## Records supplied
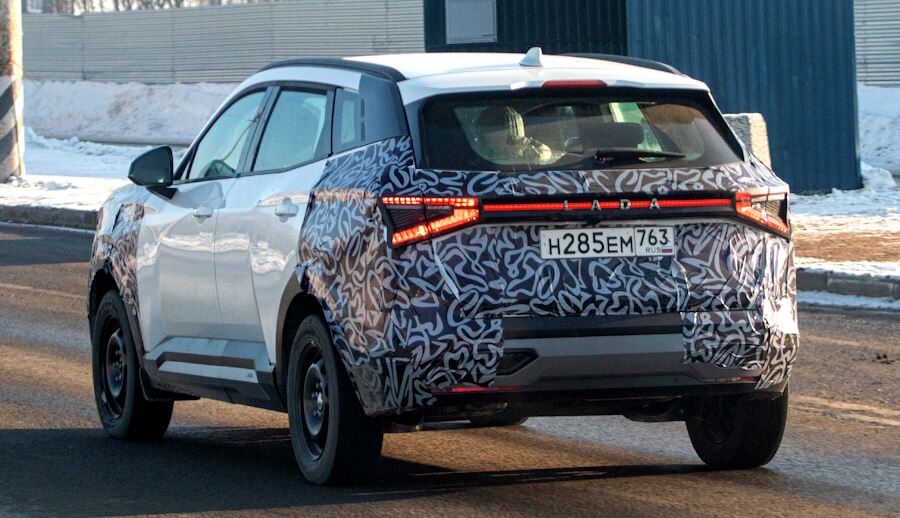 Новый кроссовер «Лада Азимут» вновь заметили во время испытаний на дорогах Тольятти. На этот раз в объектив фотографа попала машина в базовой комплектации. Фотографии прототипа «Лады Азимут», частично оклеенной маскировочной плёнкой, опубликовал пользователь сайта Platesmania. Кроссовер и ранее замечали в Тольятти во время испытаний, но на этот раз в объектив фотографа попал автомобиль в базовой комплектации — именно его можно увидеть на заглавной фотографии. У такого «Азимута» простые штампованные диски вместо легкосплавных, нет панорамной крыши и двухцветной окраски кузова, а накладка на задней стойке выполнена из чёрного некрашеного пластика. Ранее на выставках и мероприятиях показывали только кроссоверы с максимальным оснащением. Кроссовер «Лада Азимут» разработан на модернизированной платформе «Весты», поэтому полного привода у кроссовера не будет — только передний. Внешний облик модели выполнен в новом стиле, благодаря чему машина выглядит вполне современно и не похожа на другие
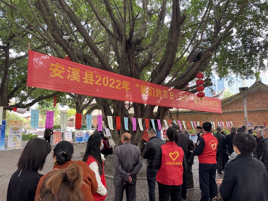 文明風(fēng)2月17日訊 為培育和踐行社會(huì)主義核心價(jià)值觀,深化新時(shí)代文明實(shí)踐,傳承中華優(yōu)秀傳統(tǒng)文化,引領(lǐng)群眾關(guān)注福文化、參與福文化、發(fā)展福文化,營(yíng)造向上向善的社會(huì)風(fēng)尚, 2月15日,安溪縣文明委以“我們的節(jié)日·元宵”主題活動(dòng)為契機(jī),在鳳城鎮(zhèn)龍津公園組織開展2022年元宵節(jié)推廣“?!蔽幕鐣?huì)宣傳主題活動(dòng)。
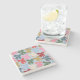 The coasters are gorgeous, a quality feel and heavy weight. They look like a precious archeological find. A rustic stone juxtaposed with a modern floral black and white print. I like the way the print goes slightly imperfect on the cut stone edges giving them a kind-of natural beauty.
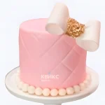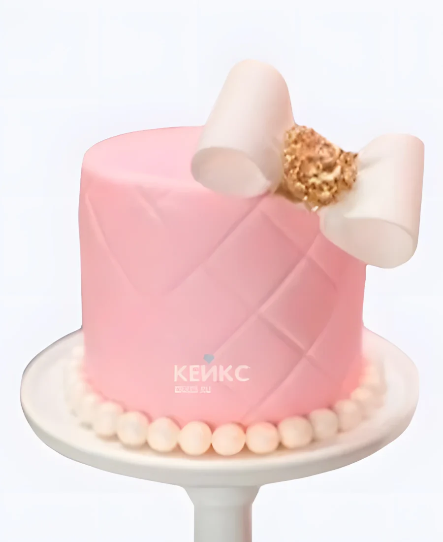 Величественный розовый торт с бусинами и белым бантом для девочки
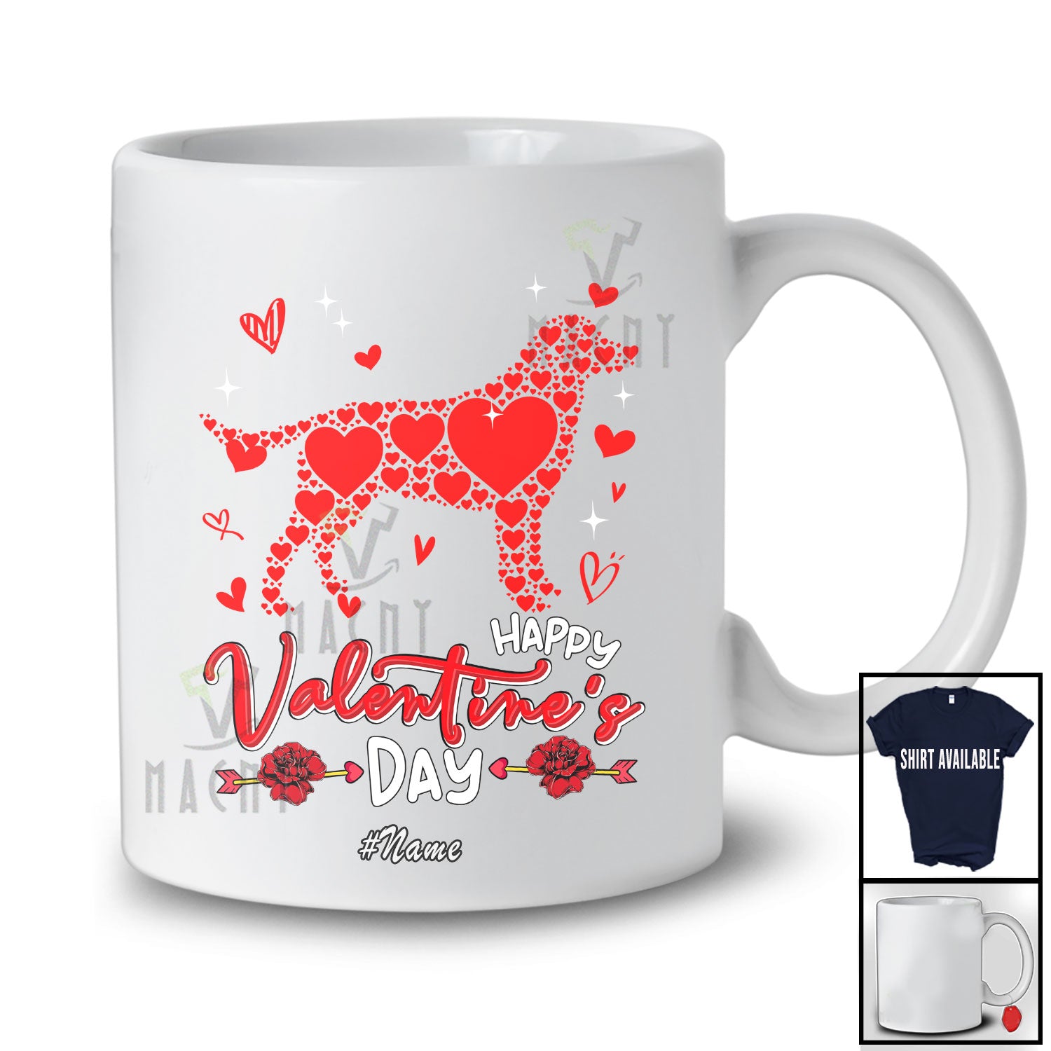 • Personalized Custom Name Happy Valentine's Day; Lovely Hearts Greater Swiss Mountain Shape T-Shirt. This cotton t-shirt is a durable staple product with a classic fit. One of the most popular items, it has a relaxed style made for everyday and casual wear.
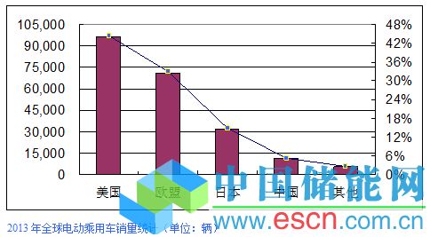 2013年全球電動汽車銷量22.55萬輛,純電動占57.34%
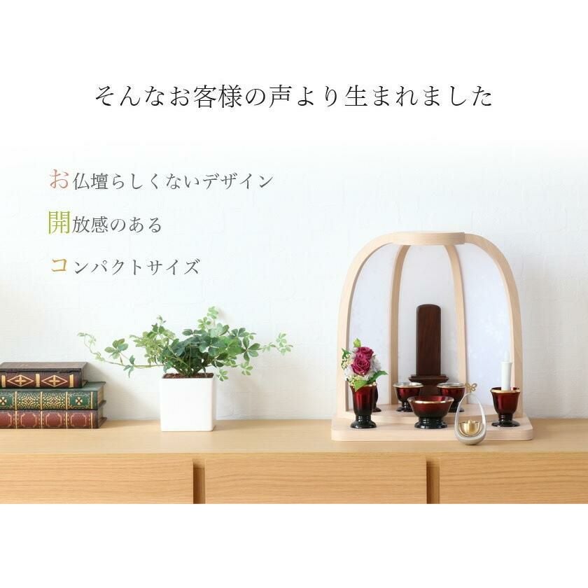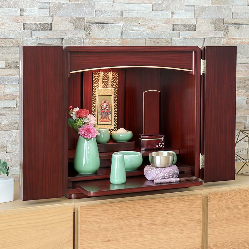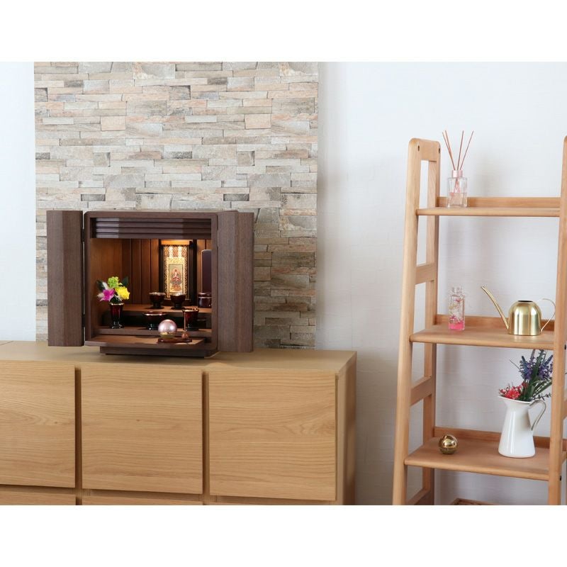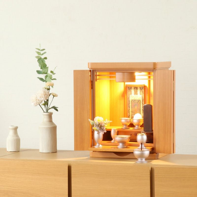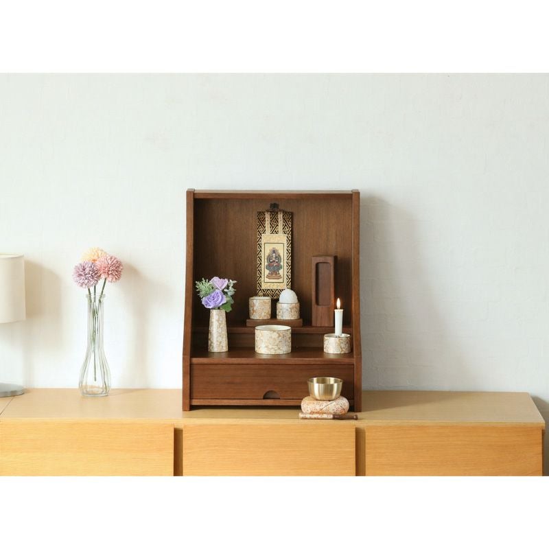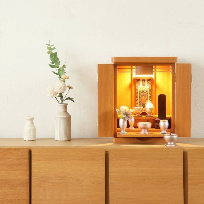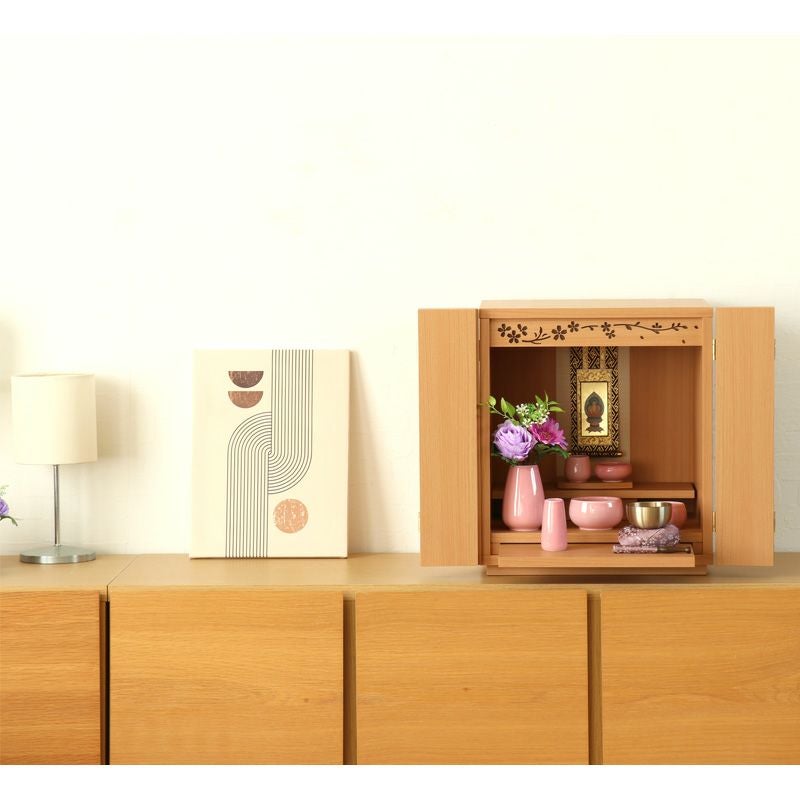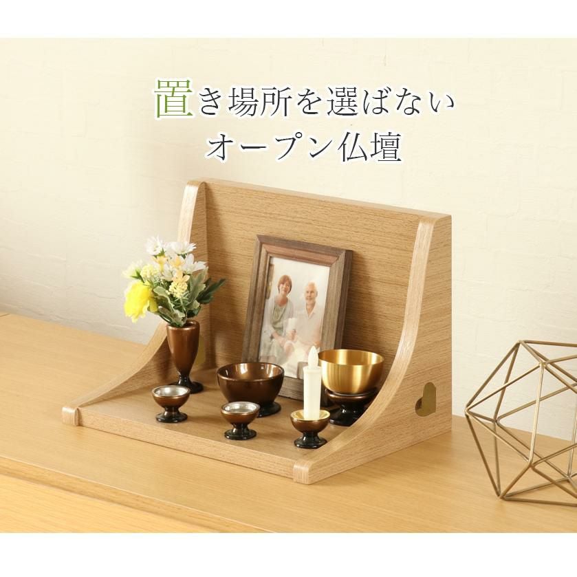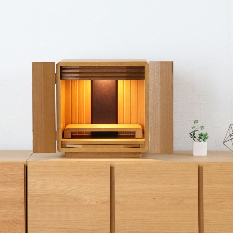 扉のないシンプルなデザインのお仏壇です。大きなお仏壇を置く場所がない方に、リビングの一角でおまいりしたい方に、お仏壇らしくないデザインをお探しの方におすすめです。

## Directions for this task
All of the entries above are to be transcribed word for word, with no pictures included.

## Worked solution
 Новый кроссовер «Лада Азимут» вновь заметили во время испытаний на дорогах Тольятти. На этот раз в объектив фотографа попала машина в базовой комплектации. Фотографии прототипа «Лады Азимут», частично оклеенной маскировочной плёнкой, опубликовал пользователь сайта Platesmania. Кроссовер и ранее замечали в Тольятти во время испытаний, но на этот раз в объектив фотографа попал автомобиль в базовой комплектации — именно его можно увидеть на заглавной фотографии. У такого «Азимута» простые штампованные диски вместо легкосплавных, нет панорамной крыши и двухцветной окраски кузова, а накладка на задней стойке выполнена из чёрного некрашеного пластика. Ранее на выставках и мероприятиях показывали только кроссоверы с максимальным оснащением. Кроссовер «Лада Азимут» разработан на модернизированной платформе «Весты», поэтому полного привода у кроссовера не будет — только передний. Внешний облик модели выполнен в новом стиле, благодаря чему машина выглядит вполне современно и не похожа на другие
 文明風(fēng)2月17日訊 為培育和踐行社會(huì)主義核心價(jià)值觀,深化新時(shí)代文明實(shí)踐,傳承中華優(yōu)秀傳統(tǒng)文化,引領(lǐng)群眾關(guān)注福文化、參與福文化、發(fā)展福文化,營(yíng)造向上向善的社會(huì)風(fēng)尚, 2月15日,安溪縣文明委以“我們的節(jié)日·元宵”主題活動(dòng)為契機(jī),在鳳城鎮(zhèn)龍津公園組織開展2022年元宵節(jié)推廣“?!蔽幕鐣?huì)宣傳主題活動(dòng)。
 The coasters are gorgeous, a quality feel and heavy weight. They look like a precious archeological find. A rustic stone juxtaposed with a modern floral black and white print. I like the way the print goes slightly imperfect on the cut stone edges giving them a kind-of natural beauty.
 Величественный розовый торт с бусинами и белым бантом для девочки
 • Personalized Custom Name Happy Valentine's Day; Lovely Hearts Greater Swiss Mountain Shape T-Shirt. This cotton t-shirt is a durable staple product with a classic fit. One of the most popular items, it has a relaxed style made for everyday and casual wear.
 2013年全球電動汽車銷量22.55萬輛,純電動占57.34%
 扉のないシンプルなデザインのお仏壇です。大きなお仏壇を置く場所がない方に、リビングの一角でおまいりしたい方に、お仏壇らしくないデザインをお探しの方におすすめです。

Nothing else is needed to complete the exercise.